The “very unjust” introduction of Covid vaccines is partly responsible for the prolongation of the pandemic, said Clark.

“We’re not going to be really safe in New Zealand or Canada or China or wherever unless everyone in the world has access to vaccines and therapeutics and so on,” she said.

the WHO and other health professionals, including famous epidemiologist Larry Brilliant, have already made similar comments.

Clark co-chaired an independent panel set up by WHO to review global pandemic preparedness and response.

In its final report released in May, the panel recommended that high-income countries redistribute at least one billion doses of Covid vaccines to 92 low- and middle-income countries by September 1, and an additional billion doses by mid-2022.

Analytics company Airfinity said in a report dated Oct. 20 that only 350 million cans were dispensed.

New Zealand Covid replace: instances drop to 15 as Ardern unveils ‘Mr Whippy-style’ vaccination buses | New Zealand

Covid-19 cases in New Zealand have fallen, a hopeful sign as Auckland steps into the government-planned final week of Level 4 lockdown.

The country announced 15 new cases on Tuesday, halving the number of cases from monday 33.

At this stage of the outbreak, the government is paying special attention to how many of these cases are clearly related to existing infections, as unlinked cases could suggest that the virus is spreading uncontrollably across the community. All of the cases on Tuesday were household contacts of existing cases, said Health Director Dr. Ashley Bloomfield, and the total number of unrelated cases during the outbreak, has dropped to 10 from 17 on Monday.

The Auckland region is now in its fourth week of a level four lockdown, the toughest level of restrictions. The rest of the country exited lockdown last weekalthough there are still some restrictions on gathering size and use of masks.
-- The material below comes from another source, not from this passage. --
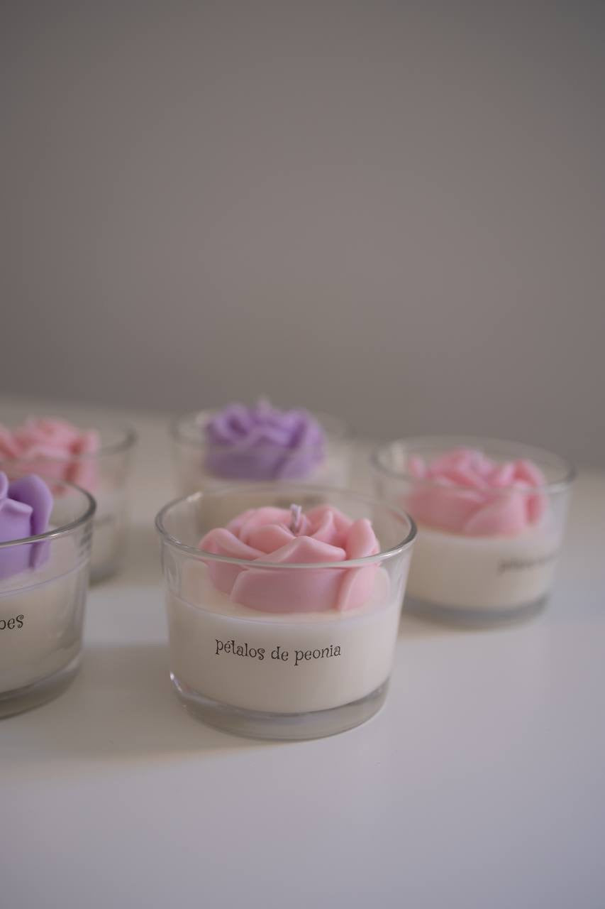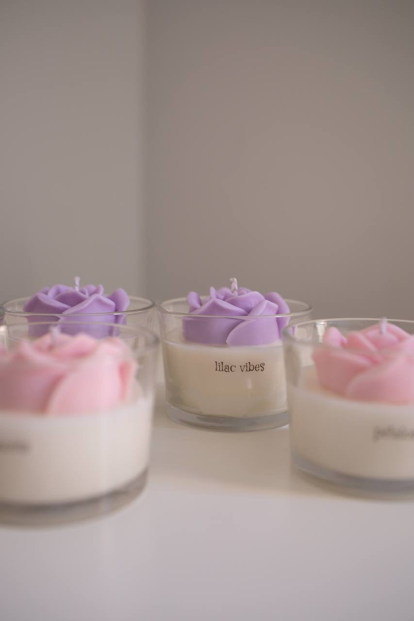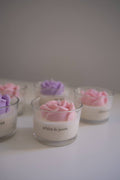 A hand-poured soy wax candle featuring a sculpted rose-shaped top in pink or purple. Made with vegan ingredients and designed for clean, even burning. Comes in a clear glass container for a modern, decorative touch. Ideal for gifts, self-care, or home accents.

Prime Minister Jacinda Ardern said Monday the government had made a “fundamental” decision that Auckland would move from alert level four to three next week.
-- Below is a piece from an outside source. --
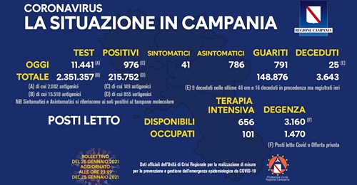 Secondo i dati dell’Unità di crisi della Regione Campania, nelle ultime 24 ore i positivi sono 976, di cui 41 sintomatici.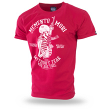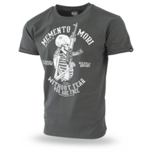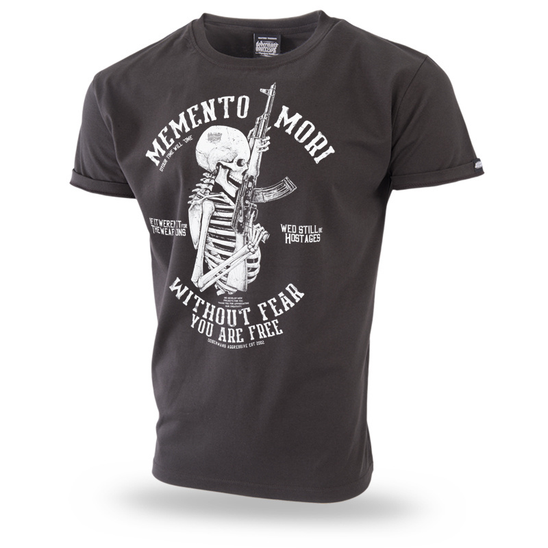 Męska koszulka w standardowym fasonie. Wykonana z wysokiej jakości bawełny. Na lewym rękawie wszyta mała metka z logo marki. Na przodzie znajduje się grafika przedstawiająca szkielet człowieka z bronią wycelowaną ku górze oraz napis MEMENTO MORI WITHOUT FEAR YOU ARE FREE

Ardern also announced that from Northland, the country will be rolling out “Mr Whippy-style” mobile vaccination clinics on buses in an attempt to reach communities where vaccines are less accessible.

“In Australia they started doing something similar and called the mobile outreach clinics Jabba the bus,” said Ardern. “I’m sure we can do better.”

“We have some front runners: the double jab ute and the jabbin ‘car.”

In the meantime, officials are pushing up vaccination rates. A total of 66.5% of the eligible population [those aged 12 years and over] received at least one dose of the vaccine and 34% received both doses. The country currently vaccinates about 55,000 people per day, up from a peak of about 90,000 doses per day in late August.

Ardern urged the New Zealanders to get vaccinated. “Just as we have led the world with the success of our elimination strategy, I want New Zealand to lead the world in the future, both in terms of freedoms and our health and wellbeing,” said Ardern. “With high vaccination rates, we can achieve just that.”